Regulation needs to be on the ammunition side. The constitution gives one the right to bear arms, but does not say anything about the amount of ammunition one can carry. One could conceivably make ammunition extremely expensive, and regulate it like one controls prescription medication and  contraband. The president has already called for a ban on assault weapons in the aftermath of the Connecticut massacre. Sales of automatic and semi-automatic weapons have shot up as a result. The weapon of choice in the recent killing, The Bushmaster, has become a rare commodity. Americans have begun hording guns and ammunition, in fear of regulations that are to come. The NRA (National Rifle Association) has come out swinging, vowing to fight any regulation as they lobby the gun manufacturing industry more than gun owners. Any regulation will be an uphill task in gun crazy nation and it will test the president and the congress' metal. The manufacturing industry, the vendors and the illegal black market need to be tightly managed and policed to see any improvement.

There is no doubt that the culture we live in, not just in America but around the world is increasingly turning violent. From women and children caught in real war zones to fictional wars on larger and larger TV and movie screens, exposure to gun violence is a constant. While some argue that media violence does not directly spawn violence in humans, there is no doubt that it certainly creates an attitude that is numbing towards violence. So when a nation like the United States which clearly has serious mental health issues amongst its citizenry, looks at the symptoms of gun violence, it has to pay attention to a population in crisis. Being the leading manufacturer of weapons, weaponry and violent media in the world, America needs to look within. The shooter in Connecticut was the son of a gun enthusiast, and was on the verge of being committed to an institution for a mental disorder. Proximity and proclivity to weapons created conditions that turned explosive with extreme consequences. In most mass shootings in the US, a similar scenario has been the backdrop.

The debate over guns and its place in our society has been ongoing for decades with very little action. With more and more senseless killings in places where you would least expect it, the debate for the time being has reached a feverish pitch. Leading to a nation waking up in a paranoid state, more suspicious of their neighbor and the community that they live in. This unintended consequence will only lead to a more guarded society, where people will only feel safe by being under the gaze of surveillance cameras at all times or by having a false sense of comfort by having more people in uniform around them. What is needed at this point it to step back and make an assessment of the world we want to live in and understand where as a society we are heading.

In Newtown, Connecticut a memorial was held for 26 adults and children. The president presided over the memorial. There were 28 who died that day. A mother and a son were missing at the memorial. The killer deserved some sympathy as well. He was not born to kill. No one is. It is society that molds an individual therefore everyone needs to bear some blame. To accept the perpetrator as a product of the same society that awards him or her the means to commit a crime, is a place to begin the healing.

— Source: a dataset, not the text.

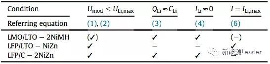 下表是對幾種電池與NiZN、NiMH電池并聯(lián)時的效果的總結(jié),從第一列可以看到幾種并聯(lián)方式都能夠使的電池組的最大電壓小于鋰離子電池的最大限制電壓,避免鋰離子電池發(fā)生過充。從第二列可以看到,除了LFP/LTO-NiZn電池不能充分利用鋰離子電池容量外,其他的兩種并聯(lián)方式都能夠充分的利用鋰離子電池的容量,因此也能夠?qū)崿F(xiàn)對電池組的均衡(第三列)。從第四列可以看到,受到并聯(lián)的NiZn、NiMH電池的影響,電池組的最大放電電流要小于鋰離子電池的最大電流,因此在實際使用中需要選用高功率型的NiZn、NiMH電池,以保證電池組的性能不降低。

It is the end of the year. To end it in an uplifting manner is what one hopes and expects. I was resisting broaching this topic in my year-end post but could not relent. The shooting in Newtown left an indelible mark on America and me. It shook me to the core. Weeks after the incident the conversations in living rooms, cafes and corner shops are still ripe, as the national debate takes absurd turns. Parents are worried, politicians feel an urgency to act, communities are perturbed and schools and innocent children are now expected to prepare for a calamity on a daily basis. So as the year comes to an end it is with hopeful eyes that I look to the future and hope that sanity will prevail. It is what it is.